■ RECORDED DATA ■
+++++

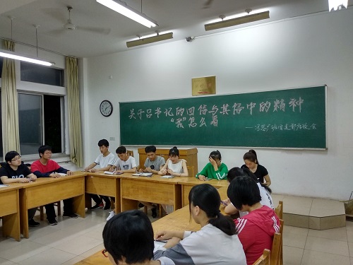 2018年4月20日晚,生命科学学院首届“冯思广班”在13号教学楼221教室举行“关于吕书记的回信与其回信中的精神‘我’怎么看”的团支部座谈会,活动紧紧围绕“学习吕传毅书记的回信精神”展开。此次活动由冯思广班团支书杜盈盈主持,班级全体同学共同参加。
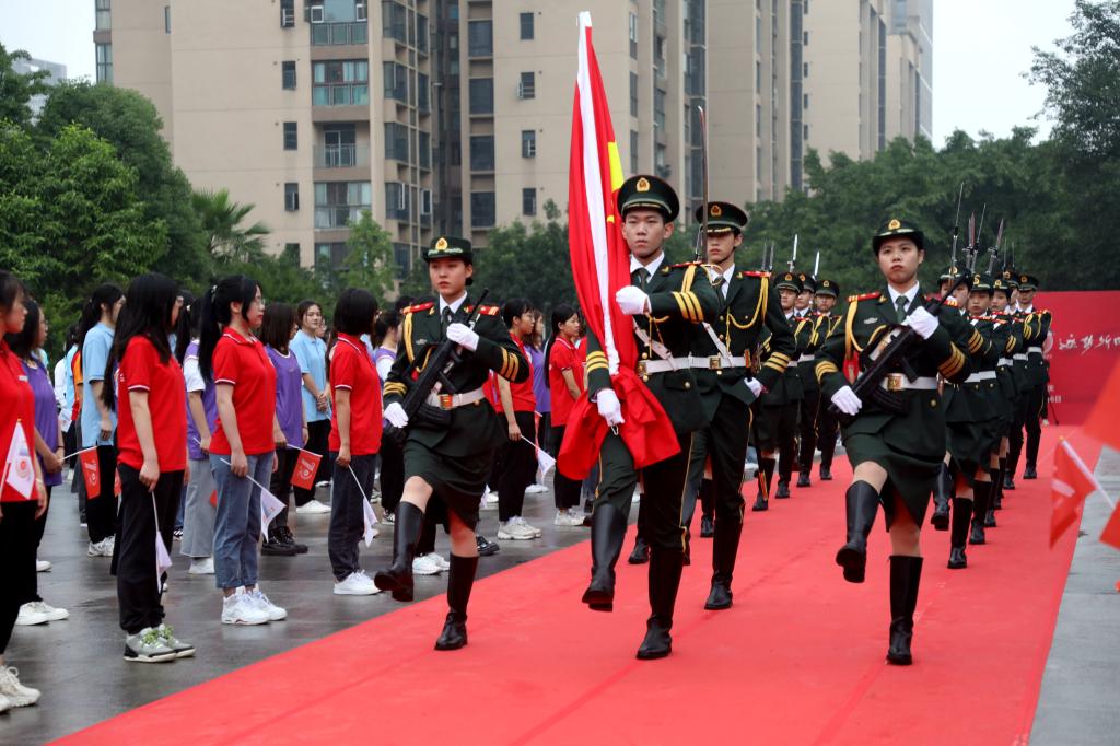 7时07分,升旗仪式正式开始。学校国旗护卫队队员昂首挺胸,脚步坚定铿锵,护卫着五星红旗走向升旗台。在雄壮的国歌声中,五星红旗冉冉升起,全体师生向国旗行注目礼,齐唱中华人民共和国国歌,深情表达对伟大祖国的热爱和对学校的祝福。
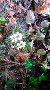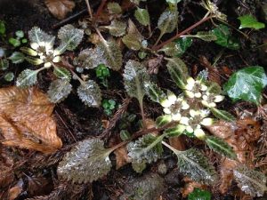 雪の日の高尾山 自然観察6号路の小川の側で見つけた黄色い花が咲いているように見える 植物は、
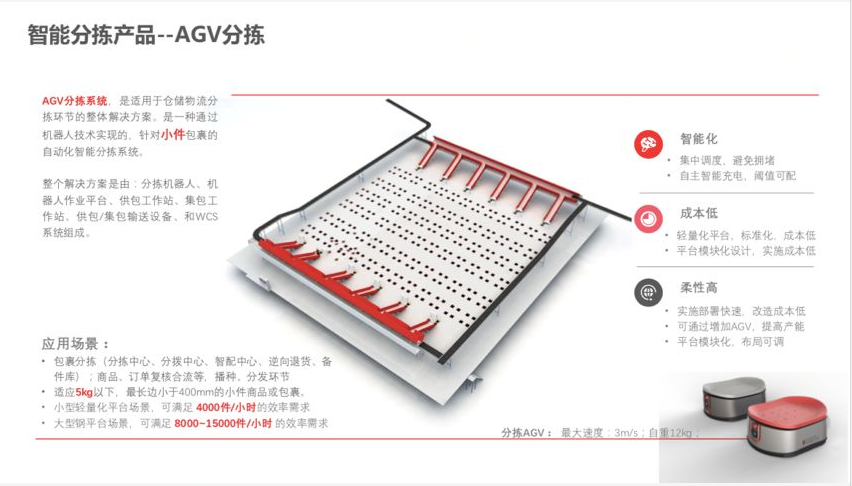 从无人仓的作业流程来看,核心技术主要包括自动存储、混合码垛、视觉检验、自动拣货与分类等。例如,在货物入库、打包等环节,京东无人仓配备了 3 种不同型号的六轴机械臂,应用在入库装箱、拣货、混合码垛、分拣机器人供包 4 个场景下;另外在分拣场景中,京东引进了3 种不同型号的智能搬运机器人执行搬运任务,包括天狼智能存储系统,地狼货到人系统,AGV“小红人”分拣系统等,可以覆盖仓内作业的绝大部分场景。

+++++

■ ASSIGNED TASK ■
All the material above must be copied exactly, and no picture belongs in the copy.

■ FINAL ANSWER ■
 2018年4月20日晚,生命科学学院首届“冯思广班”在13号教学楼221教室举行“关于吕书记的回信与其回信中的精神‘我’怎么看”的团支部座谈会,活动紧紧围绕“学习吕传毅书记的回信精神”展开。此次活动由冯思广班团支书杜盈盈主持,班级全体同学共同参加。
 7时07分,升旗仪式正式开始。学校国旗护卫队队员昂首挺胸,脚步坚定铿锵,护卫着五星红旗走向升旗台。在雄壮的国歌声中,五星红旗冉冉升起,全体师生向国旗行注目礼,齐唱中华人民共和国国歌,深情表达对伟大祖国的热爱和对学校的祝福。
 雪の日の高尾山 自然観察6号路の小川の側で見つけた黄色い花が咲いているように見える 植物は、
 从无人仓的作业流程来看,核心技术主要包括自动存储、混合码垛、视觉检验、自动拣货与分类等。例如,在货物入库、打包等环节,京东无人仓配备了 3 种不同型号的六轴机械臂,应用在入库装箱、拣货、混合码垛、分拣机器人供包 4 个场景下;另外在分拣场景中,京东引进了3 种不同型号的智能搬运机器人执行搬运任务,包括天狼智能存储系统,地狼货到人系统,AGV“小红人”分拣系统等,可以覆盖仓内作业的绝大部分场景。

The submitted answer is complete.